鰻屋布団
鰻屋と布団屋の兼業なんて、匂いを考えると絶対に無理な組み合わせ。
でも、江戸時代なら何でもありかもしれません。
そんな奇想天外な商売の話を作ってみました。
鰻の匂いが染み付いた布団
鰻を焼く匂いというのは、食欲をそそる良い匂い。
でも、それが布団に染み付いたらどうなるか。
あらすじ
鰻屋の主人、源兵衛が新しい商売を始めようと考えていた。
源兵衛:「鰻屋だけじゃ、稼ぎが少ない」
女房:「何か他の商売もしますか」
源兵衛:「隣の空き店舗を借りて、布団屋をやろうと思う」
女房:「布団屋?」
源兵衛:「布団は毎日使うものだから、需要はある」
女房:「でも、鰻屋と布団屋じゃ、全然違うでしょ」
源兵衛:「商売は商売だ」
—
源兵衛は本当に布団屋を始めた。
源兵衛:「よし、布団もそろった」
女房:「でも、この布団、なんか鰻の匂いがしませんか」
源兵衛:「そんなことないだろ」
女房:「隣で鰻を焼いてるから、匂いが移ったんじゃ」
源兵衛:「ちょっとくらい匂いがしても、問題ない」
女房:「そうでしょうか」
—
初めての客がやってきた。
客:「布団を買いたいんですが」
源兵衛:「いらっしゃい、いい布団がありますよ」
客:「この布団、なんか食べ物の匂いがしますね」
源兵衛:「それは気のせいでしょう」
客:「でも、確かに鰻の匂いが」
源兵衛:「鰻?そんなはずは」
客:「隣で鰻を焼いてるからですね」
—
客:「でも、この匂い、なんか安心します」
源兵衛:「安心する?」
客:「鰻の匂いで、お腹が空いてきますが」
源兵衛:「それなら、隣の鰻屋もどうぞ」
客:「じゃあ、布団を買って、鰻も食べていきます」
源兵衛:「ありがとうございます」
—
翌日、その客がまた来た。
客:「あの布団、すごく良かったです」
源兵衛:「そうですか」
客:「鰻の夢を見ました」
源兵衛:「鰻の夢?」
客:「美味しそうな鰻重の夢で、とても幸せでした」
源兵衛:「それは良かった」
客:「友達にも勧めたいです」
—
噂が広まって、客が増えた。
客 A:「鰻の匂いがする布団があると聞いて」
客 B:「鰻の夢が見られるって本当ですか」
客 C:「面白そうですね」
源兵衛:「みなさん、鰻の夢を見たいんですか」
客 D:「はい、美味しい夢を見たいです」
源兵衛:「それなら、この布団がおすすめです」
—
結局、「鰻夢布団」として大繁盛した。
源兵衛:「まさか、鰻の匂いで布団が売れるとは」
女房:「でも、みんな喜んでますね」
源兵衛:「今じゃ、布団屋の方が忙しい」
女房:「鰻屋の方は?」
源兵衛:「布団の匂い付けのために、鰻を焼いてる」
客:「今日は布団を買いに来ました」
源兵衛:「ありがとうございます。

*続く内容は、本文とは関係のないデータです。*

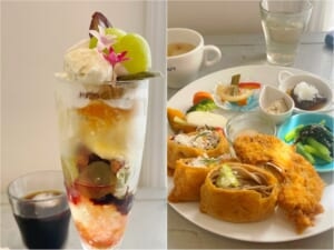 9月のパフェ活。シャインマスカットParfait2025&ハーブのお稲荷さんveganプレート。

鰻も食べていきませんか」
客:「もちろんです」
—
看板にも「鰻夢布団」と書かれた。
通行人:「変わった店だな」
源兵衛:「おかげで、両方の商売が繁盛してます」
女房:「でも、普通の布団が欲しい人は困るんじゃない」
源兵衛:「大丈夫、鰻の匂いがしない布団は他で買えるから」
女房:「それもそうですね」
源兵衛:「うちは鰻の匂いがする布団の専門店だ」
まとめ
鰻の匂いが染み付いた布団で、鰻の夢を見る。
これが意外に評判になって、専門店として成功してしまいました。
商売は発想の転換が大事という教訓でしょうか。
でも、毎晩鰻の夢を見るのも、ちょっと疲れそうですね。